§ **Work task**
Reproduce the lines below exactly. Begin with the first, end with the line containing "PERSONALITY BELT EMPIRE", and leave out the pictures.

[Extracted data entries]
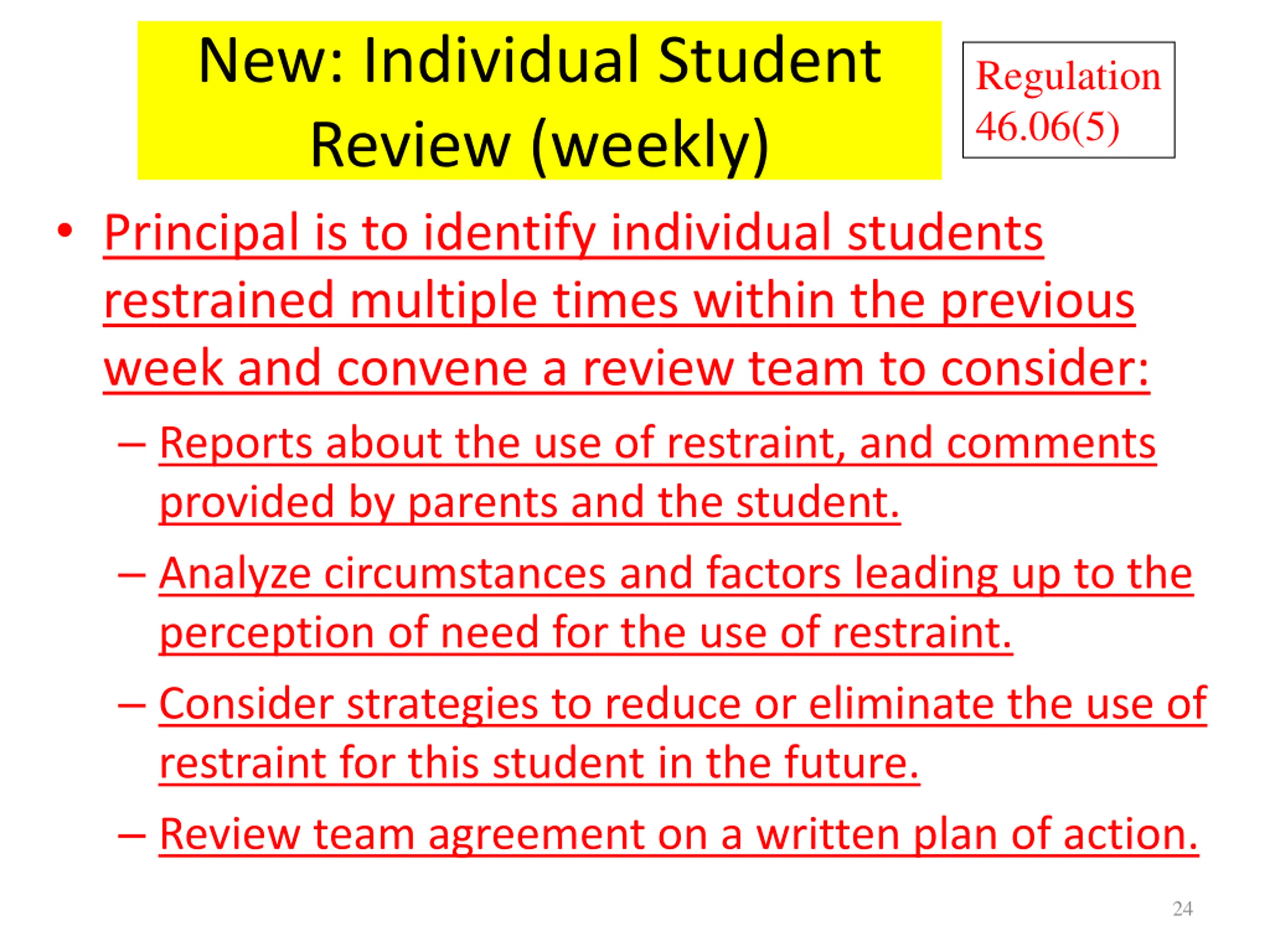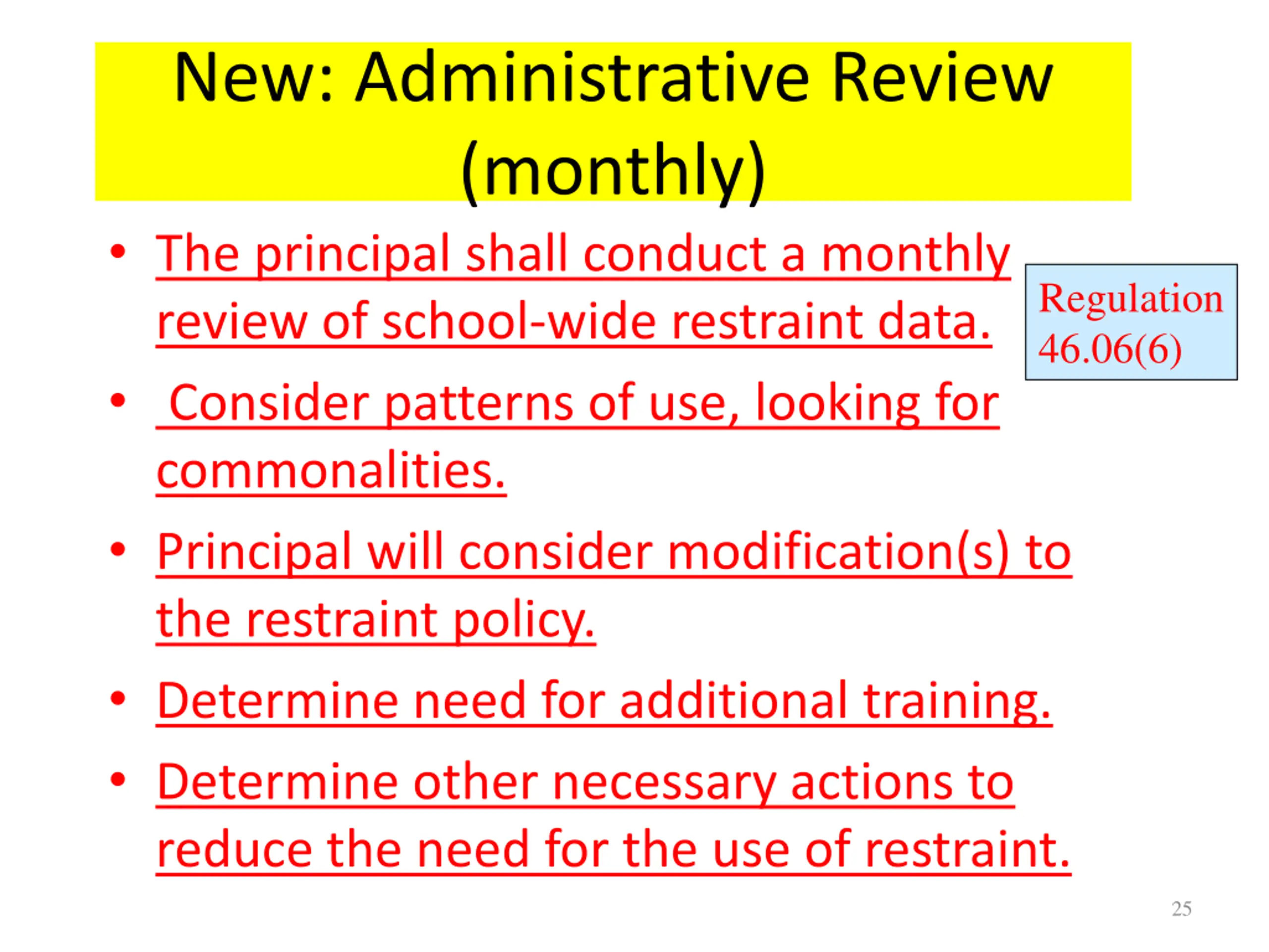 New: Individual Student Review (weekly) Principal is to identify individual students restrained multiple times within the previous week and convene a review team to consider: Reports about the use of restraint, and comments provided by parents and the student. Analyze circumstances and factors leading up to the perception of need for the use of restraint. Consider strategies to reduce or eliminate the use of restraint for this student in the future. Review team agreement on a written plan of action. Regulation 46.06(5) 24
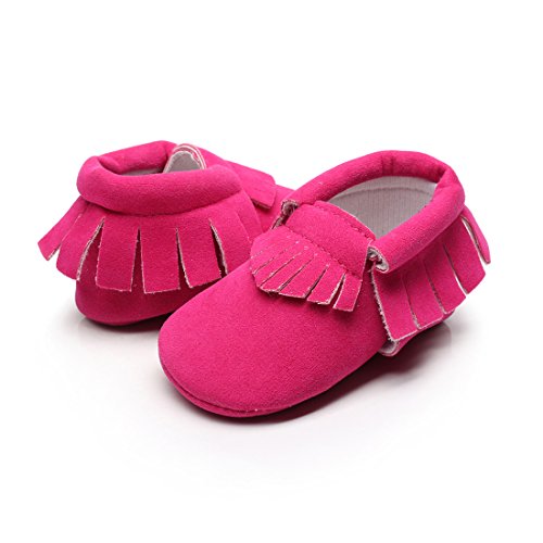 AngelaKerry 幼児の赤ちゃん 春秋タッセル ファーストシューズ ベビー靴 スクラブ シューズ 12CM(6-12月) ローズレッド [並行輸入品]
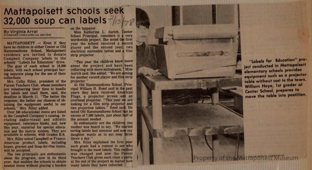 Standard-Times article "Mattapoisett schools seek 32,000 soup can labels. Request to residents to save Campbell's Soup Labels for Education for Center and Old Hammondtown Schools.Collection
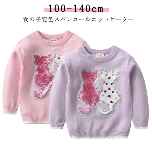 送料無料 ニット スパンコール 110cm クリスマス 長袖 ニットトップス キッズ 春 猫 こども服 子ども服 変色 子供服 無地 秋 120cm ピンク 100cm 女の子 スウェット 130cm 140cm 通園 通学 冬 プレゼント 送料無料 パープル 紫 猫 暖かい プレゼント
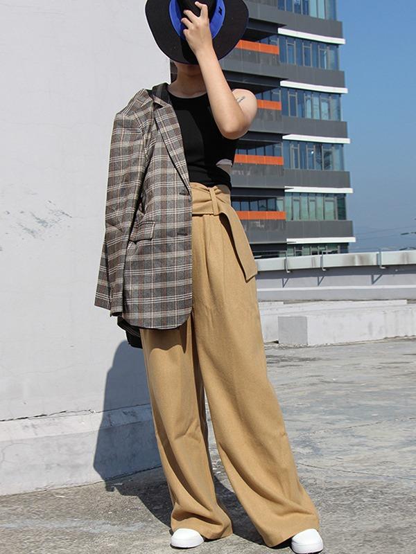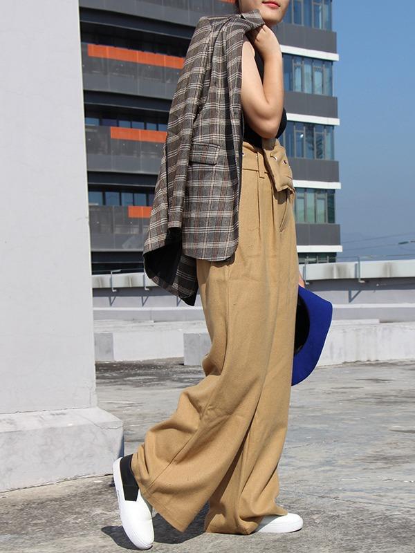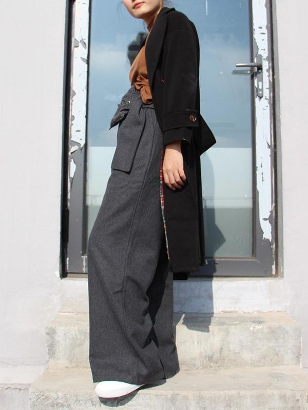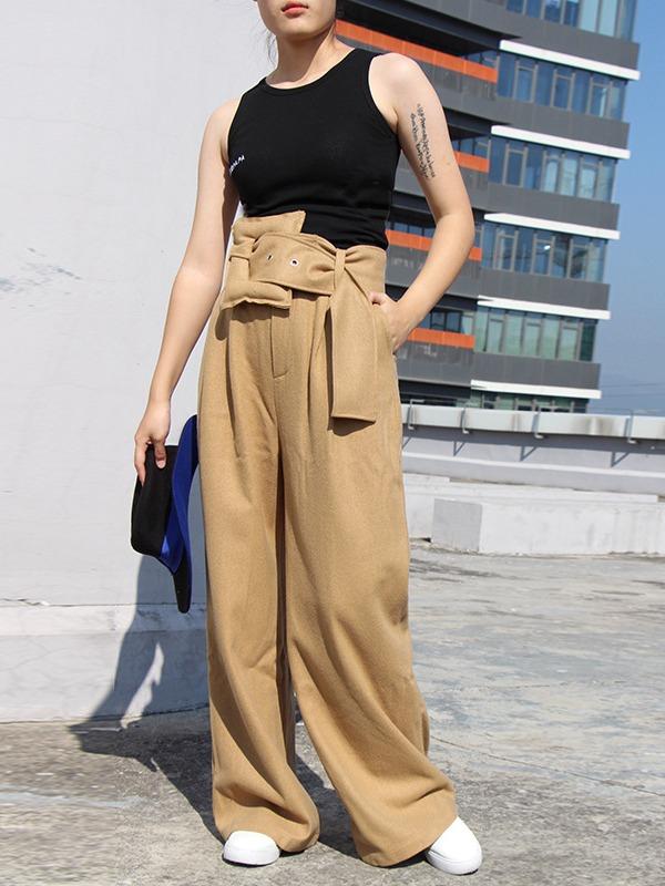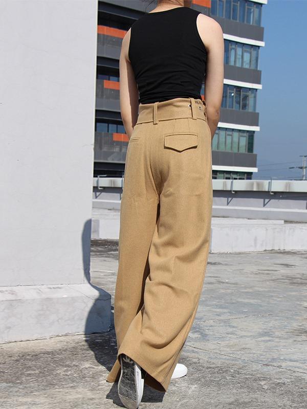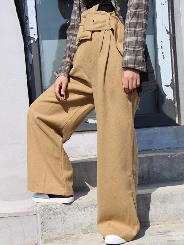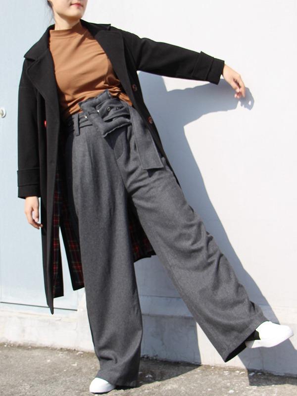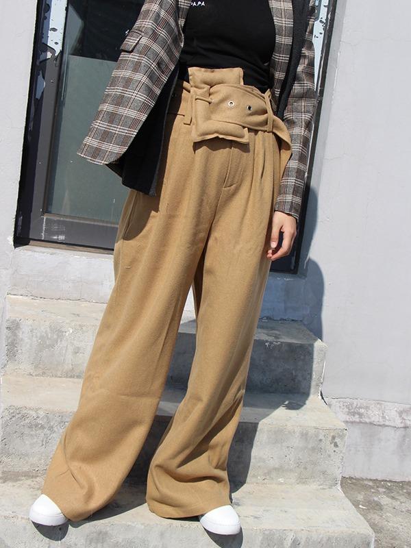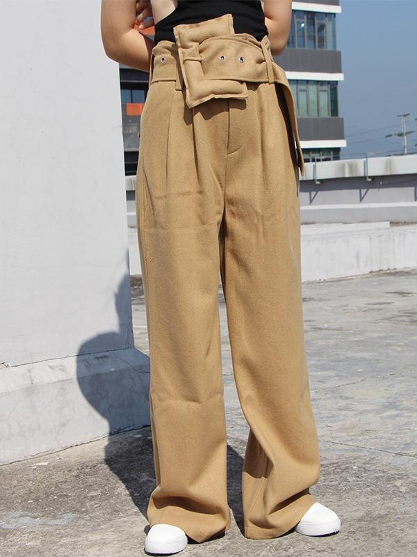 PERSONALITY BELT EMPIRE WOOLEN WIDE LEG PANTS
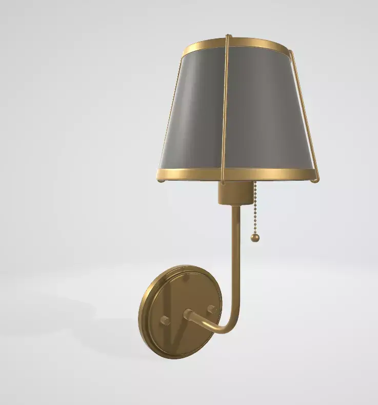 Clarke Wall Light with Pull switch - Warm Brass & Black Metal Shade-created by blender mesh clean, soft, smooth. -mesh count less than 200000 -created by mesh 4 -main axis (0,0,0) is located at the lowest center point of the product -attached material with substance paint -exported to glb view -has accompanying textures: diffuse, normal, hight, ao, roghness
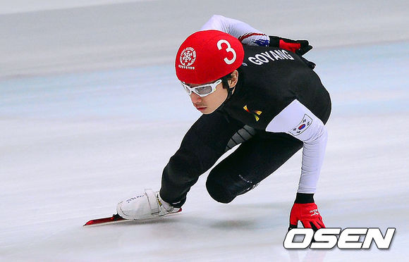 1일 오전 성남 탄천실내빙상장에서 열린 '제95회 전국 동계체육대회' 남자 일반부 1000m 곽윤기(빨간모자)가 역주하고 있다.
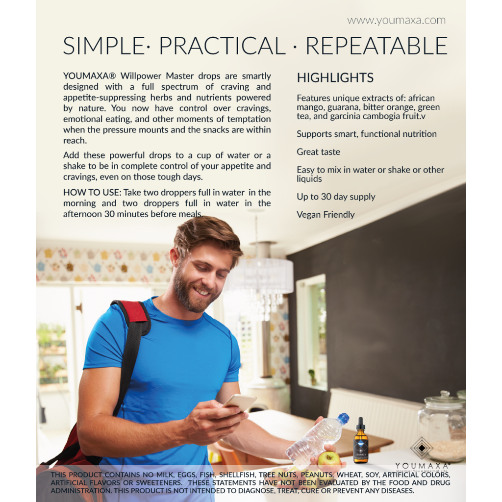 YOUMAXA® Willpower Master drops are smartly designed with a full spectrum of craving and appetite-suppressing herbs and nutrients powered by nature. You now have control over cravings, emotional eating, and other moments of temptation when the pressure mounts and the snacks are within reach.
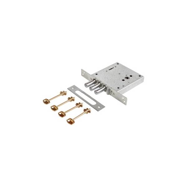 Тип механизма сувальдный(8 сувальд); Количество комбинаций более 100 000; Толщина полотна двери 40-50 мм; Длина ключа 30*/45/60* мм; Количество полуоборотов 4; Количество ключей 4. С наружной и внутренней стороны открывается одинаковыми ключами. Замок без переналадки устанавливается на правые и левые двери. Доступны различные варианты комплектации: с российскими ключами; с итальянскими ключами; с запорной планкой; без запорной планки.

§ **Exercise answer**
 New: Individual Student Review (weekly) Principal is to identify individual students restrained multiple times within the previous week and convene a review team to consider: Reports about the use of restraint, and comments provided by parents and the student. Analyze circumstances and factors leading up to the perception of need for the use of restraint. Consider strategies to reduce or eliminate the use of restraint for this student in the future. Review team agreement on a written plan of action. Regulation 46.06(5) 24
 AngelaKerry 幼児の赤ちゃん 春秋タッセル ファーストシューズ ベビー靴 スクラブ シューズ 12CM(6-12月) ローズレッド [並行輸入品]
 Standard-Times article "Mattapoisett schools seek 32,000 soup can labels. Request to residents to save Campbell's Soup Labels for Education for Center and Old Hammondtown Schools.Collection
 送料無料 ニット スパンコール 110cm クリスマス 長袖 ニットトップス キッズ 春 猫 こども服 子ども服 変色 子供服 無地 秋 120cm ピンク 100cm 女の子 スウェット 130cm 140cm 通園 通学 冬 プレゼント 送料無料 パープル 紫 猫 暖かい プレゼント
 PERSONALITY BELT EMPIRE WOOLEN WIDE LEG PANTS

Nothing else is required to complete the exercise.